Technology

Silicon Valley’s Worst Nightmare Is Ready for Her Next Act

Margrethe Vestager ends her term as EU antitrust chief this year, but she’s not ready to leave the world stage.

Vestager at a breakfast roundtable for the press at the EU House at SXSW in Austin on March 10, 2019.

Photographer: Gem Hale for Bloomberg Businessweek

South by Southwest long ago ceased to be just an annual film, tech, and music festival. The Austin conference—so popular it’s been known simply as SXSW for much of its 32 years—is now the haunt of ambitious politicians. This year, they’ve come to bash the tech giants. At one event was Democratic Senator Elizabeth Warren of Massachusetts, who promised legislation that could break up Facebook Inc. or Alphabet Co.’s Google. At another was Senator Amy Klobuchar (D-Minn.), who declared that she wants to make antitrust “cool again”—a clear swipe at the same companies. And then there was the European bureaucrat who’s won global notoriety and who probably more than almost anyone else makes U.S. technology executives quake in fear and anger: Margrethe Vestager.

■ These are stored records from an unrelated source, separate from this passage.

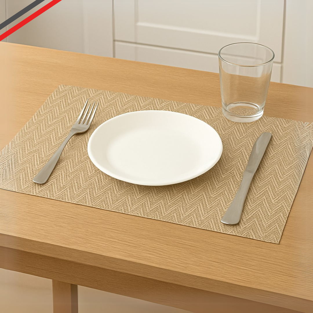 O jogo americano marrom em PVC com linhas triangulares é a combinação perfeita entre design contemporâneo e praticidade.
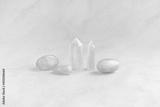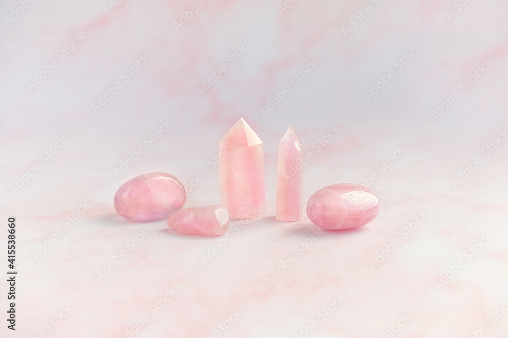 Pink quartz minerals set on abstract marble background. Healing minerals for Chakra Relaxation, Wiccan Witchcraft. life balance, esoteric, spiritual practice concept
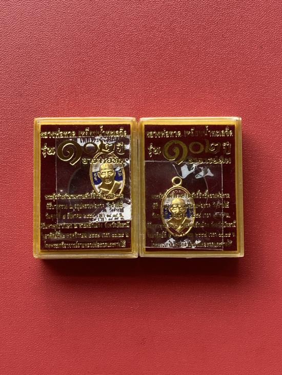 เคาะเดียวแดง เม็ดแตง 2องค์หลวงปู่ทวด รุ่น102ปีอาจารย์ทิม เนื้อชุบทองลงยาสีธงชาติ
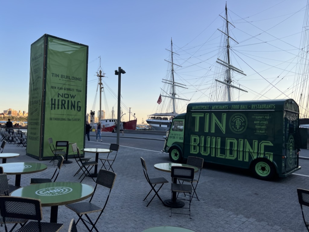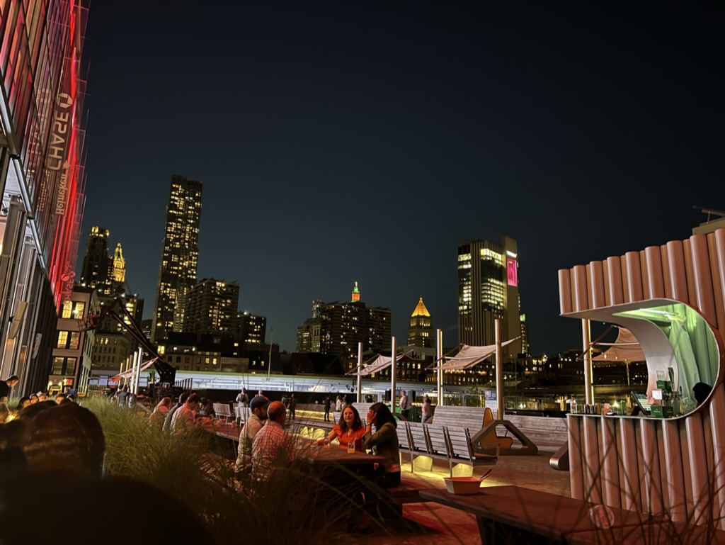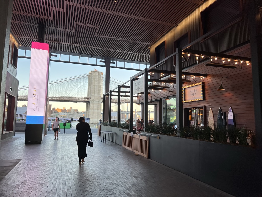 Dinner brought me and my team to Malibu Farm which sits near the South Street Seaport. I was very pleasantly surprised as the seaport has always been a tourist trap in my mind (and it is) – but the food and drink here were excellent (especially on a warm night for an outdoor dinner) and served up views of the Brooklyn Bridge to boot! I especially loved the DJ who was spinning excellent tunes nearby.
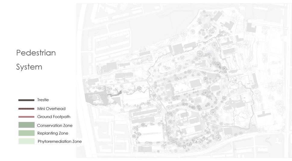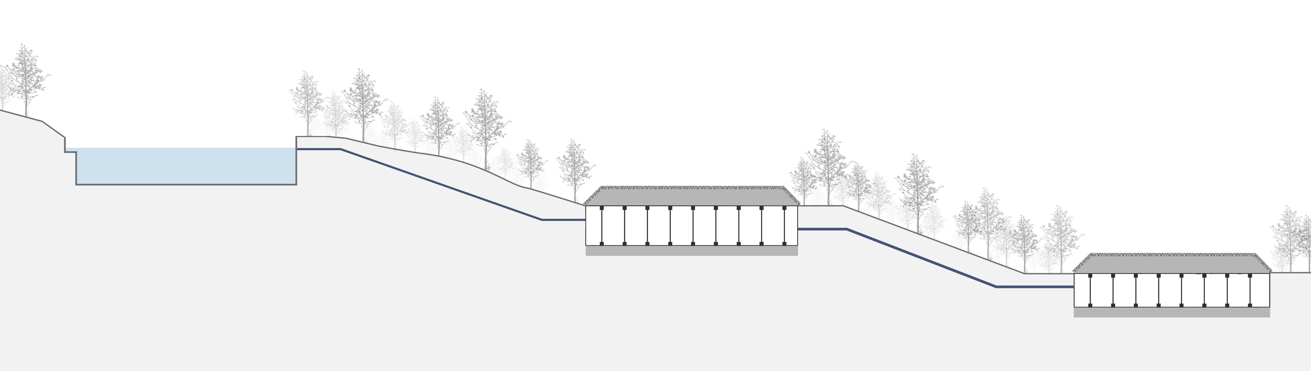 場地原有的池體管道除了凈化水源以外還是園區(qū)特有的雨洪凈化系統(tǒng),重新利用場地落差和池體,通過地表徑流、雨水花園及池體凈化系統(tǒng),使整個園區(qū)實現(xiàn)自凈化。
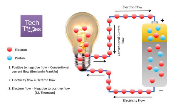 ইলেক্ট্রনের ঘাটতি হলো উচ্চ বিভব এবং ইলেক্ট্রনের আধিক্য হলো নিন্ম বিভব। বিদ্যুৎ নিন্ম বিভব থেকে উচ্চ বিভবের দিকে প্রবাহিত হয় বা সোজা কথায় বিদ্যুৎ যেদিকে ইলেক্ট্রন বেশি সেদিক থেকে যেদিকে ইলেক্ট্রন কম সেদিকে প্রবাহিত হয়। মানলাম ইলেক্ট্রন প্রবাহই হলো বিদ্যুৎ প্রবাহ। তাহলে কেনো বলা হলো যে, ইলেক্ট্রন প্রবাহের বীপরিতে বিদ্যুৎ প্রবাহীত হয়? এই ধারনার মূল উৎস জানতে হলে আমাদেরকে একটু পেছনের দিকে যেতে হবে।
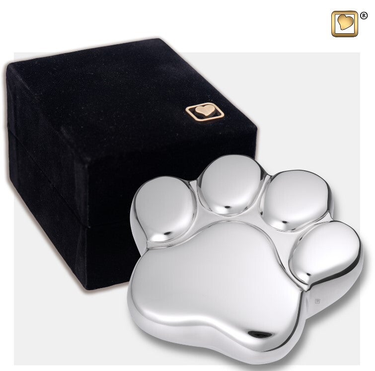 Prachtig glanzend mini urntje in de vorm van een pootje.
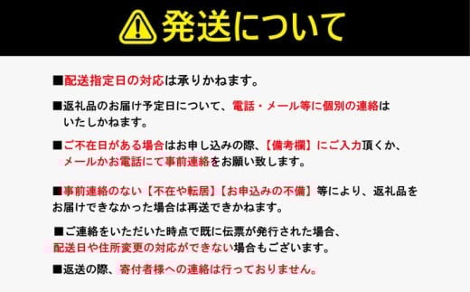 ※寄附者様のご都合(長期不在および住所・配送先変更等)により、謝礼品のお受取りできなかった場合や受取りまでに期間がかかった場合などは、再発送・転送はできませんので、予めご了承ください。
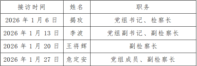 为深入贯彻习近平法治思想,践行新时代检察为民的工作理念,切实做细做实做深群众信访工作,推动案结事了人和,现将东乡区人民检察院2026年1月份检察长接访安排公告如下:
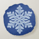 Icy Frozen Kerstsnowflake op Deep Blue Rond Kussen
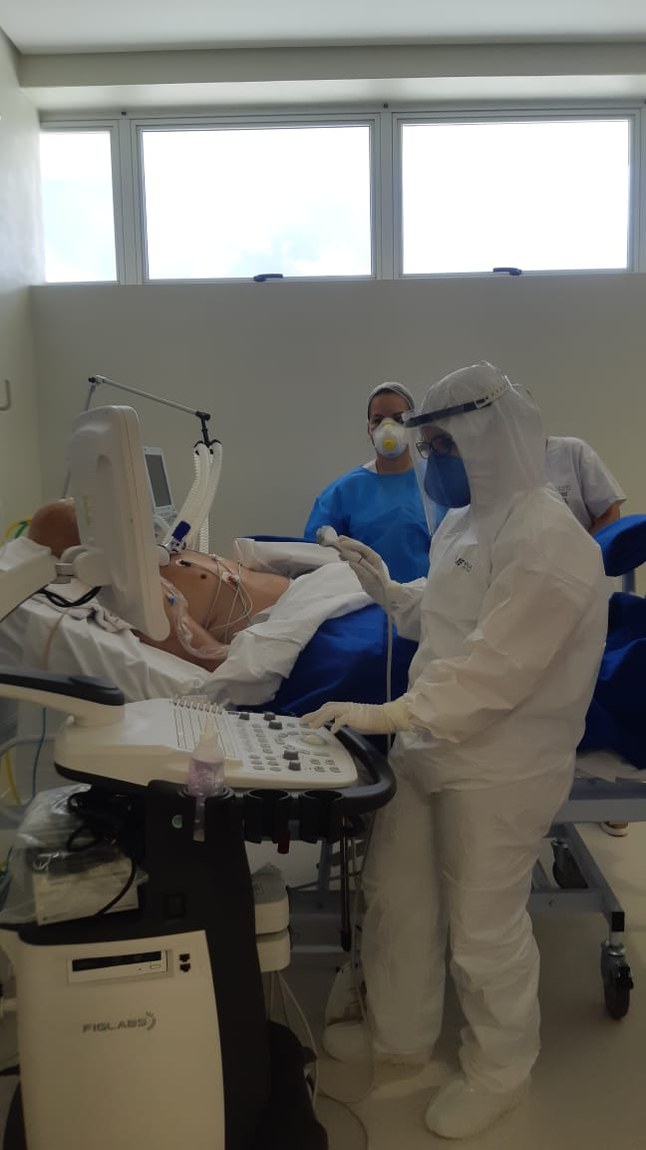 No contexto da Operação Covid-19, militares da área de saúde das Forças Armadas capacitam médicos do Hospital Universitário, no Amapá, em procedimentos técnicos, durante a realização de ultrassonografia à beira do leito dos pacientes. Os treinamentos também incluem programa de instruções para profissionais de enfermagem sobre paramentação, desparamentação, registro em enfermagem, diluições e outros tópicos importantes no contato com o paciente internado, tanto em leito de enfermaria, quanto no Centro de Tratamento e Terapia Intensiva (CTI).
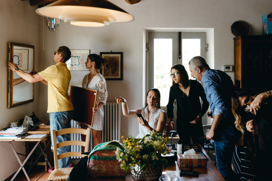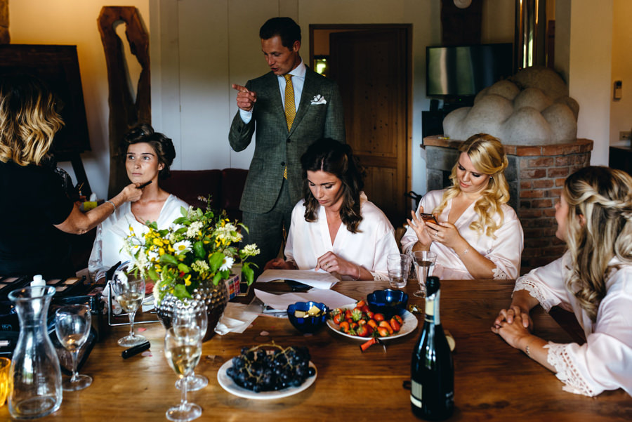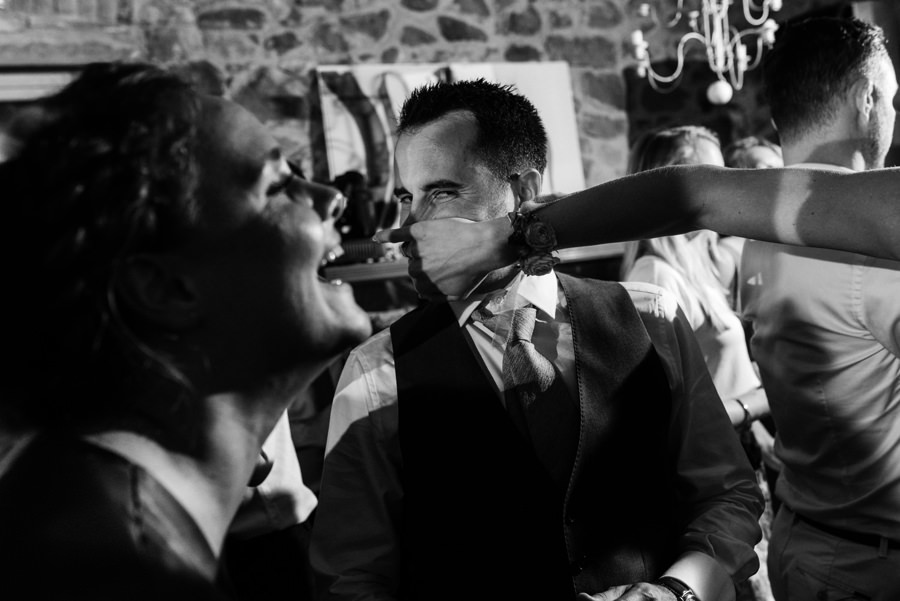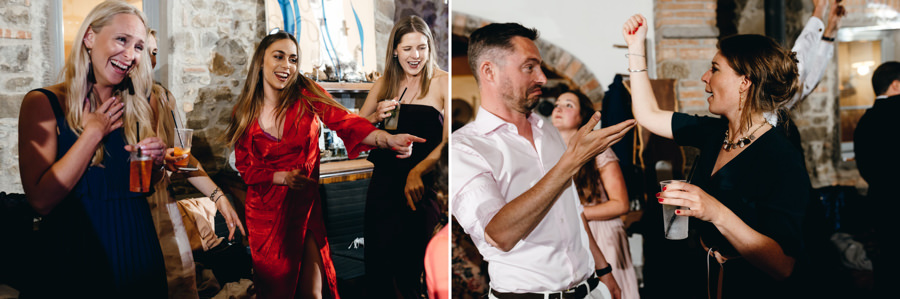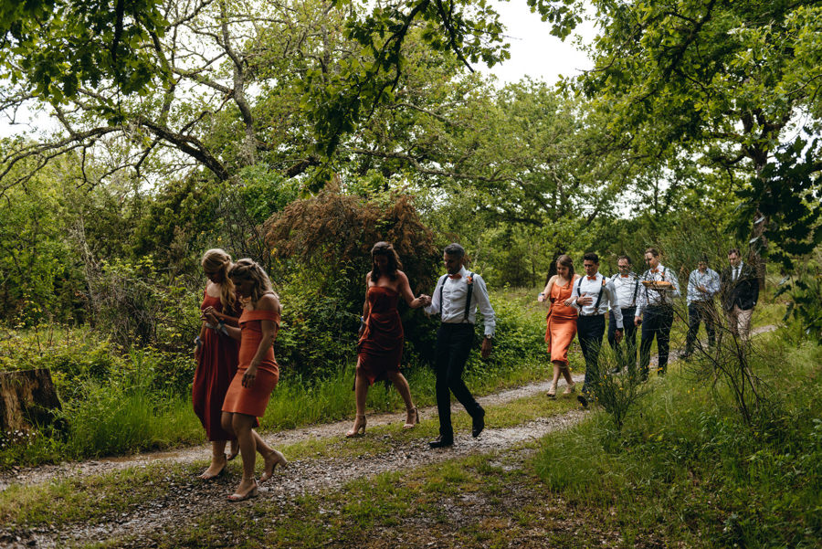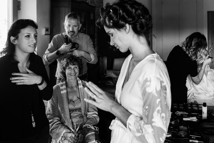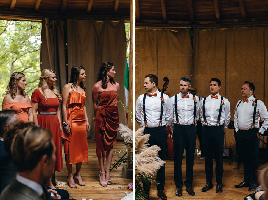 Wykorzystałem czas na typowo męskie portrety z przyrodą Toskanii w tle i pobiegłem do dziewczyn. Tam zaczęła się robić gorąca atmosfera, bo rozpoczęły się przygotowania przed ślubem. I chociaż słońce zaczęło nas opuszczać gdy dziewczyny skończyły się szykować, to i tak zaprosiłem je na zdjęcia. Energii dodawał kolor przewodni wesela – sjena palona, kolor sukni i wielu dodatków. Podkreślał ogień, jaki panował na tym weselu i energię wszystkich zebranych gości. Ale zanim o tym, posłuchajcie o ceremonii.

No. The European Union’s commissioner for competition can’t run for the White House—though Warren and Klobuchar may envy her accomplishments. They’re only threatening to curb the internet titans; Vestager has already led an antitrust crackdown. But the Dane, whose five-year term is up this year, was clearly indicating that she wants to stay on the world stage. Usually a cautious speaker who keeps her own counsel, she was at a SXSW event on March 11 in a red satin dress and pale blue sneakers winning audiences with pointed humor. She said she eschews the kind of pantsuits that Hillary Clinton and Angela Merkel wear. “Men realize you’re a woman even if you dress like a man with a suitlike jacket and a white blouse,” she said. “So why bother? Better stay true to the value of diversity.” (Cheers from the crowd.)